Action item -> Output every entry below exactly, without its pictures.
*** Data for this task
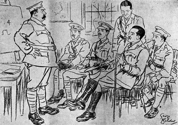 Never shall I forget.... Now I know there was something else, but there are such a lot of things that I am never going to forget about this War that I cannot be expected to remember them all. It was something about someone not shaving, and being in the rear rank while the front rank was being inspected, and in the front rank while the rear rank was being inspected. It was by such brilliance of strategy as this that I was able to do the Bosch out of that little dinner he meant to have in Paris. It was owing to the same, and to my being overheard to remark that I could run the blessed War by myself better than this, that I was given a pen and a piece of blotting-paper and told to carry on. After which, of course, the wretched Bosch never even got as far as Calais.
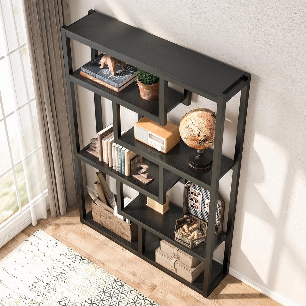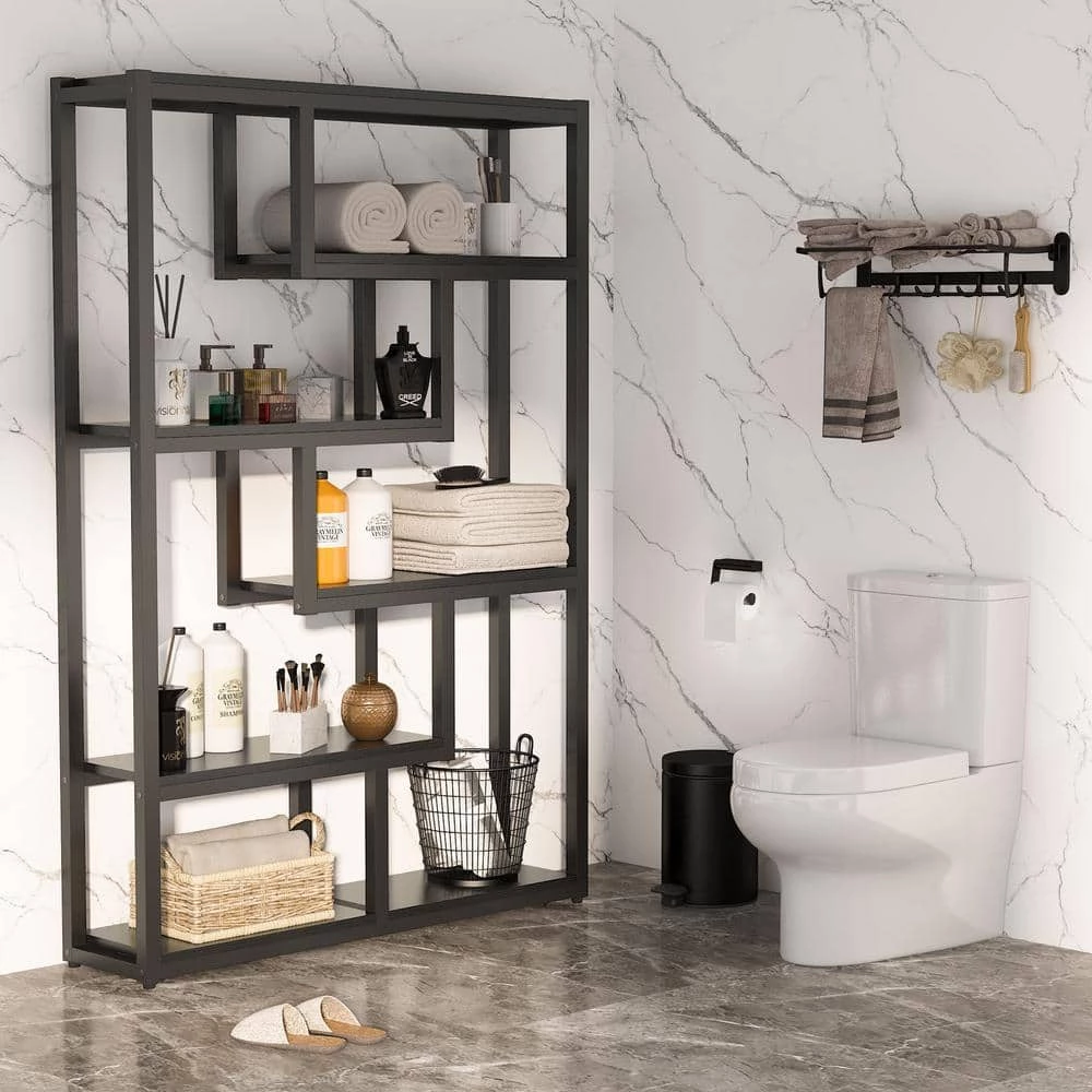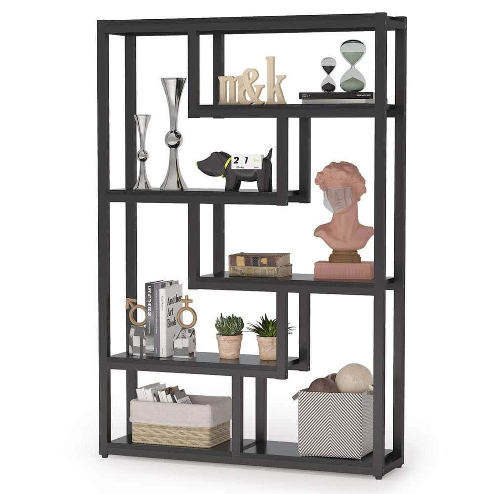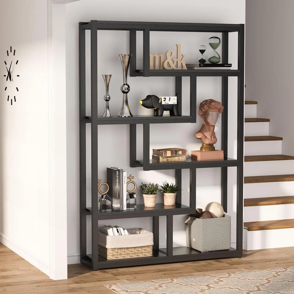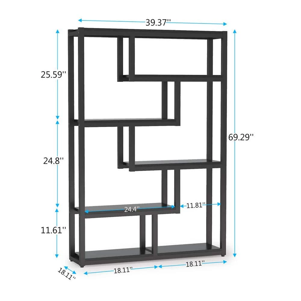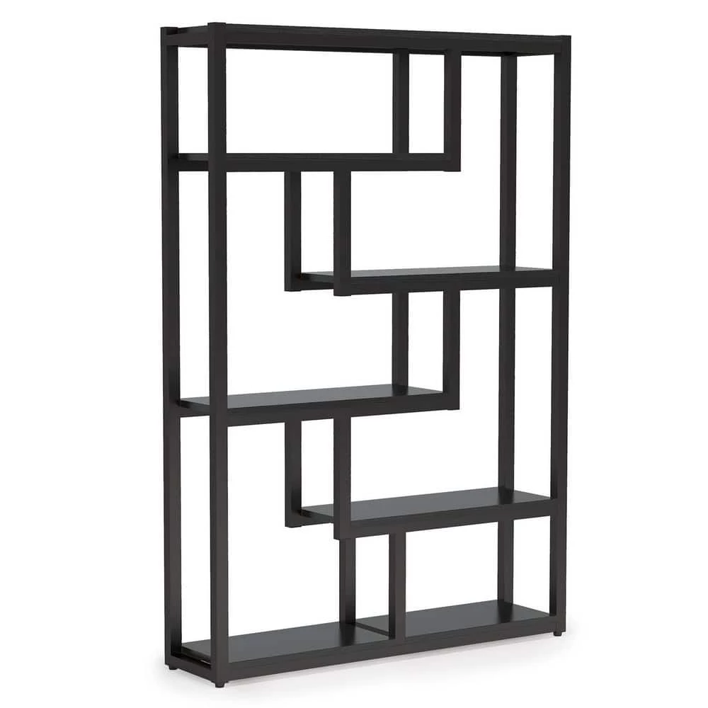 Combining a modish design with organizing features, this etagere bookshelf will maximize the functionality in your space. Taggered shelves allow you to view display items from all sides. Featuring wood grain color shelves and black metal frame, this piece creates a beautiful balance of industrial style and pragmatism.
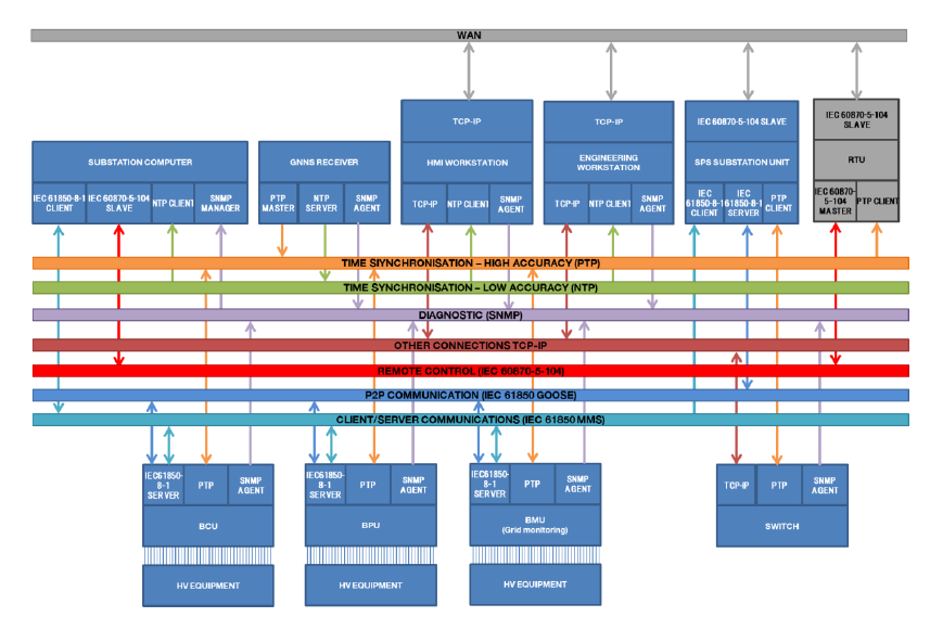 According to the IEC 61850 model [2], the exchange of information within the substation is based on a fiber optic IEEE 802 ethernet LAN connecting substation level devices (substation computers, HMI Workstation, Engineering workstation and GNNS receiver) with bay level IEDs. These are classified in three classes according to their main function: Bay Protection Units (BPU), Bay Control Unit (BCU), Bay Monitoring Unit (BMU).
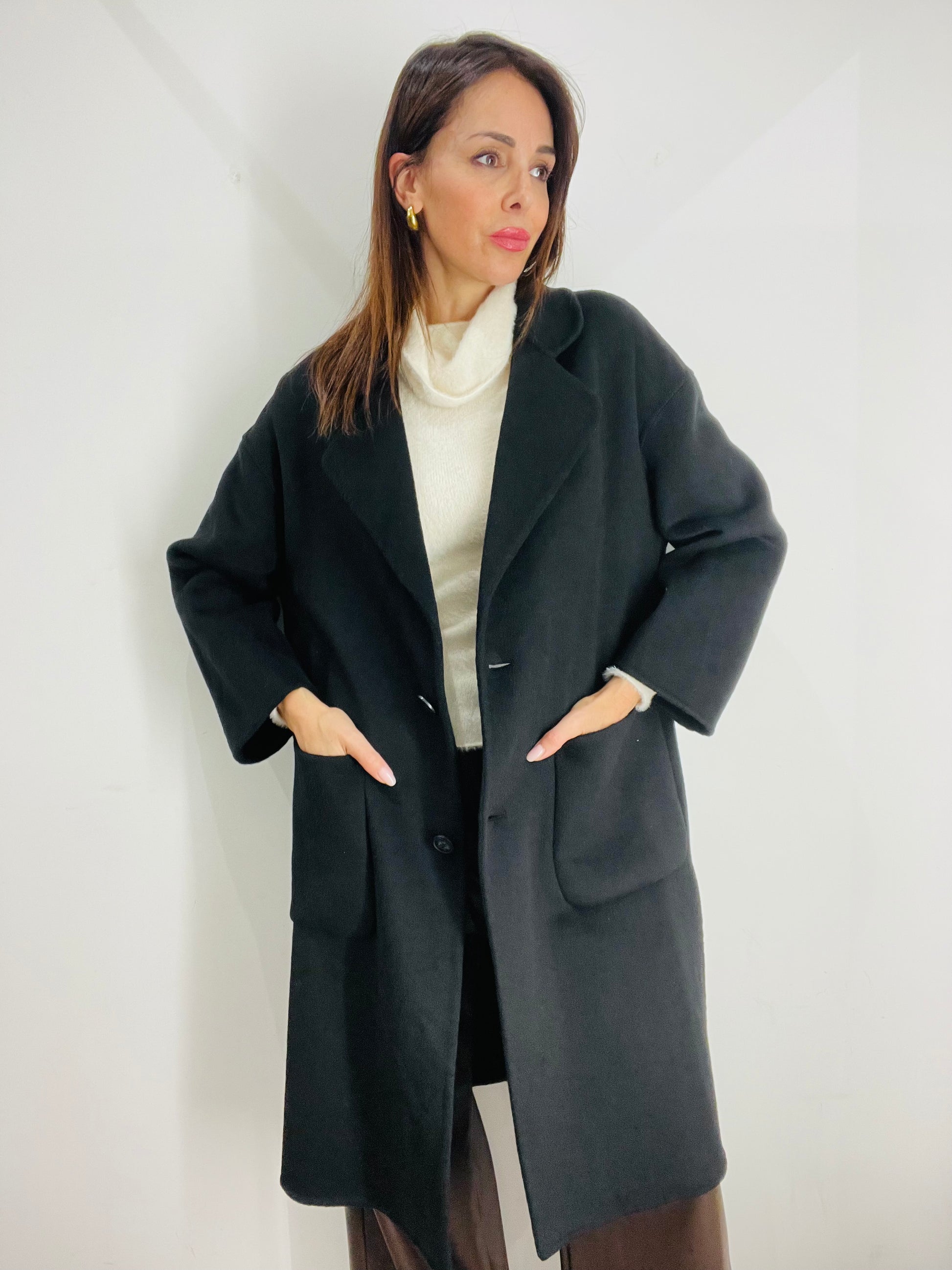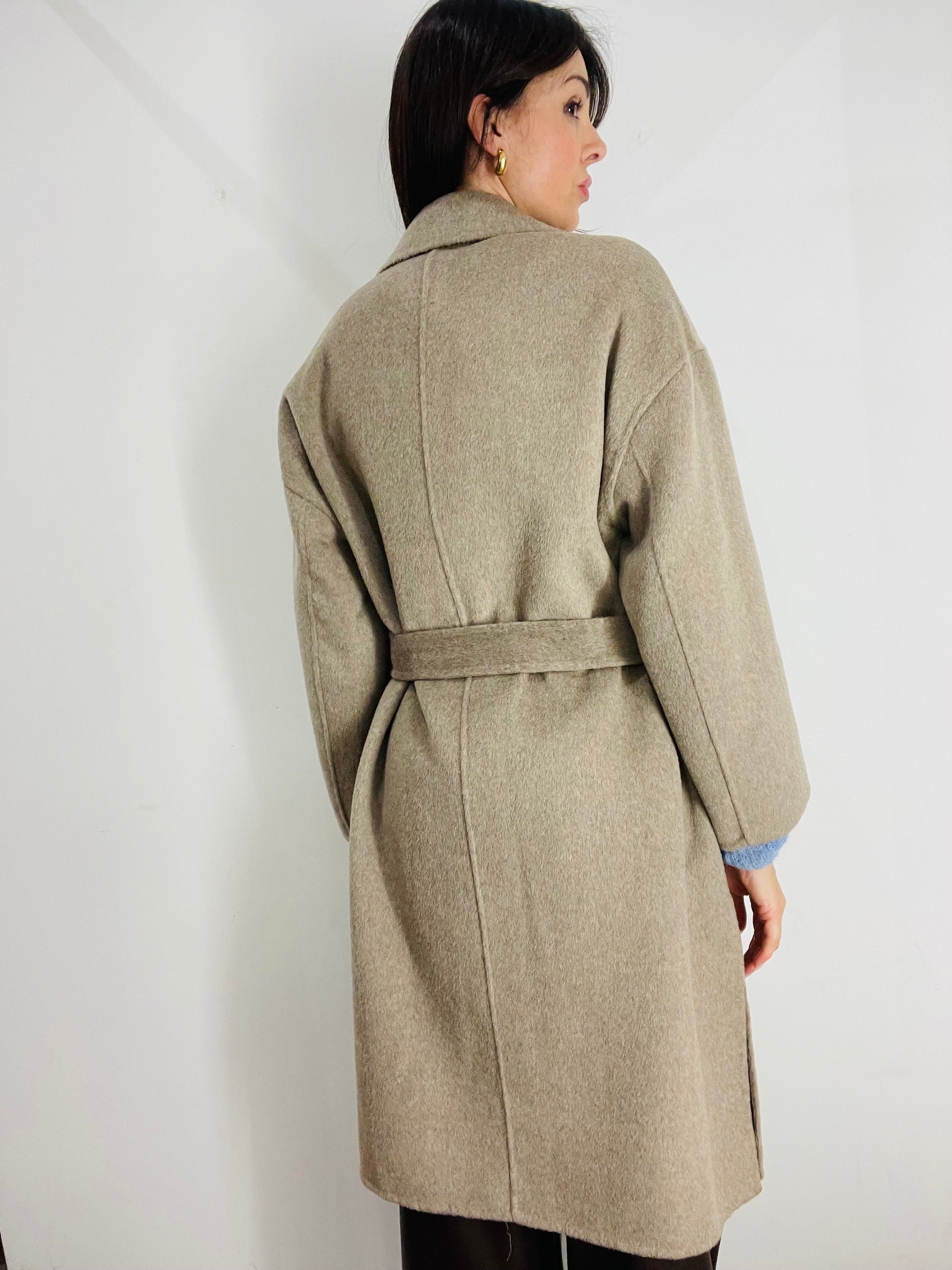 Cappotto Hand Made con taglio raglan sulla spalla e tasche laterali, spacchi sui lati del fondo cappotto, chiusura a due bottoni con cintura compresa
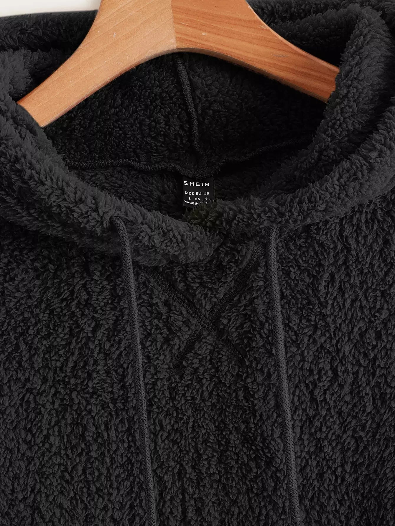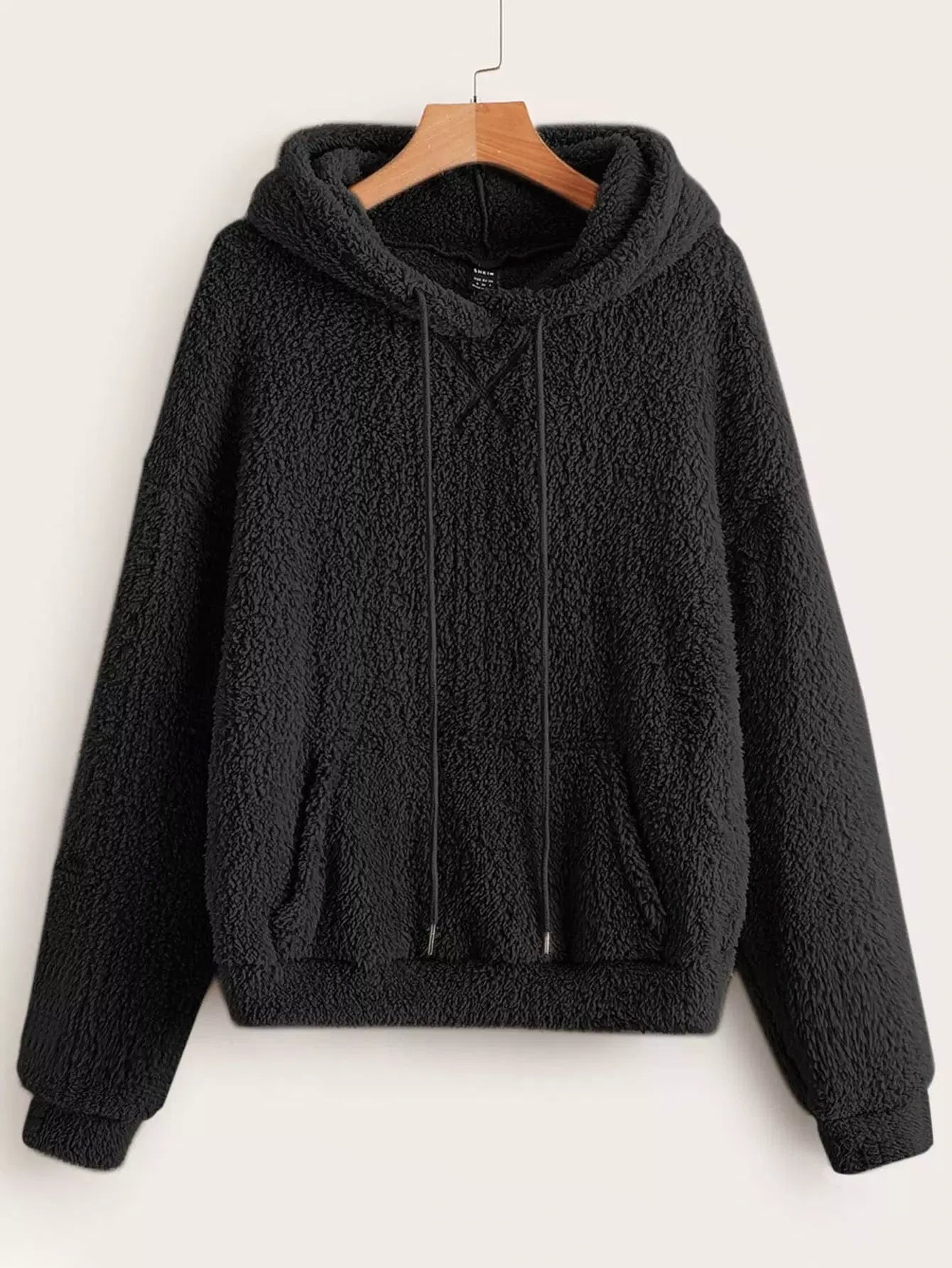 هودي كنغر سادة بجيب منسدل على الكتف برباط منسدل على شكل دببة
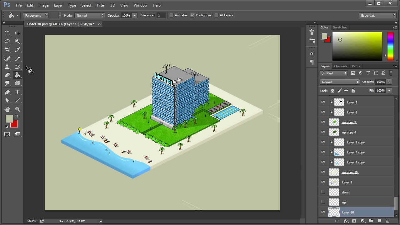 In this lesson, we're going to finish up the project by changing the background and giving the entire isometric project a 3D appearance with a shadow.
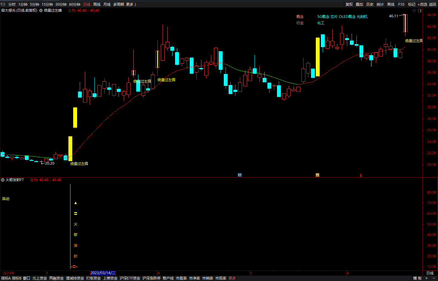 通达信倍量建仓选股指标 左峰回踩火箭发射和黄金柱关注指标公式 主副图 源码
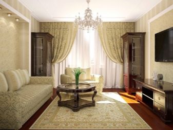 هذا التصميم هو مزيج جميل من التناسق والرفاهية البسيطة. في الإصدار الكلاسيكي ، تم تزيين غرفة المعيشة بالرخام والخشب ، وتمتلئ الغرفة بأقمشة باهظة الثمن وعناصر من الحديد المطاوع. تعتبر المدفأة الزخرفة الرئيسية للقاعة. بالنسبة للجدران ، كقاعدة عامة ، يختارون ورق الحائط بخطوط عمودية أو أزهار صغيرة ؛ تبدو جميلة على خلفية السجاد والأثاث اللامعين. كغطاء للأرضيات ، يعتبر كل من البلاط الرخامي أو الفسيفساء والباركيه المصنوع من الخشب الطبيعي مناسبًا..
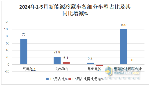 上圖表可見,在2024年1-5月各類新能源冷藏車銷量同比及占比中:
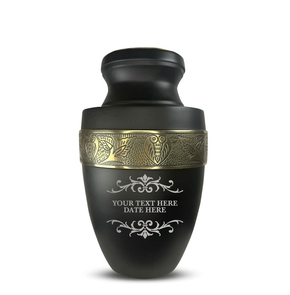 Urne funéraire personnalisée pour cendres d'adultes, hommes et femmes, en aluminium, avec nom, date et design, noire avec bordure argentée, taille personnalisée
******
Solution for this problem ->
 Never shall I forget.... Now I know there was something else, but there are such a lot of things that I am never going to forget about this War that I cannot be expected to remember them all. It was something about someone not shaving, and being in the rear rank while the front rank was being inspected, and in the front rank while the rear rank was being inspected. It was by such brilliance of strategy as this that I was able to do the Bosch out of that little dinner he meant to have in Paris. It was owing to the same, and to my being overheard to remark that I could run the blessed War by myself better than this, that I was given a pen and a piece of blotting-paper and told to carry on. After which, of course, the wretched Bosch never even got as far as Calais.
 Combining a modish design with organizing features, this etagere bookshelf will maximize the functionality in your space. Taggered shelves allow you to view display items from all sides. Featuring wood grain color shelves and black metal frame, this piece creates a beautiful balance of industrial style and pragmatism.
 According to the IEC 61850 model [2], the exchange of information within the substation is based on a fiber optic IEEE 802 ethernet LAN connecting substation level devices (substation computers, HMI Workstation, Engineering workstation and GNNS receiver) with bay level IEDs. These are classified in three classes according to their main function: Bay Protection Units (BPU), Bay Control Unit (BCU), Bay Monitoring Unit (BMU).
 Cappotto Hand Made con taglio raglan sulla spalla e tasche laterali, spacchi sui lati del fondo cappotto, chiusura a due bottoni con cintura compresa
 هودي كنغر سادة بجيب منسدل على الكتف برباط منسدل على شكل دببة
 In this lesson, we're going to finish up the project by changing the background and giving the entire isometric project a 3D appearance with a shadow.
 通达信倍量建仓选股指标 左峰回踩火箭发射和黄金柱关注指标公式 主副图 源码
 هذا التصميم هو مزيج جميل من التناسق والرفاهية البسيطة. في الإصدار الكلاسيكي ، تم تزيين غرفة المعيشة بالرخام والخشب ، وتمتلئ الغرفة بأقمشة باهظة الثمن وعناصر من الحديد المطاوع. تعتبر المدفأة الزخرفة الرئيسية للقاعة. بالنسبة للجدران ، كقاعدة عامة ، يختارون ورق الحائط بخطوط عمودية أو أزهار صغيرة ؛ تبدو جميلة على خلفية السجاد والأثاث اللامعين. كغطاء للأرضيات ، يعتبر كل من البلاط الرخامي أو الفسيفساء والباركيه المصنوع من الخشب الطبيعي مناسبًا..
 上圖表可見,在2024年1-5月各類新能源冷藏車銷量同比及占比中:
 Urne funéraire personnalisée pour cendres d'adultes, hommes et femmes, en aluminium, avec nom, date et design, noire avec bordure argentée, taille personnalisée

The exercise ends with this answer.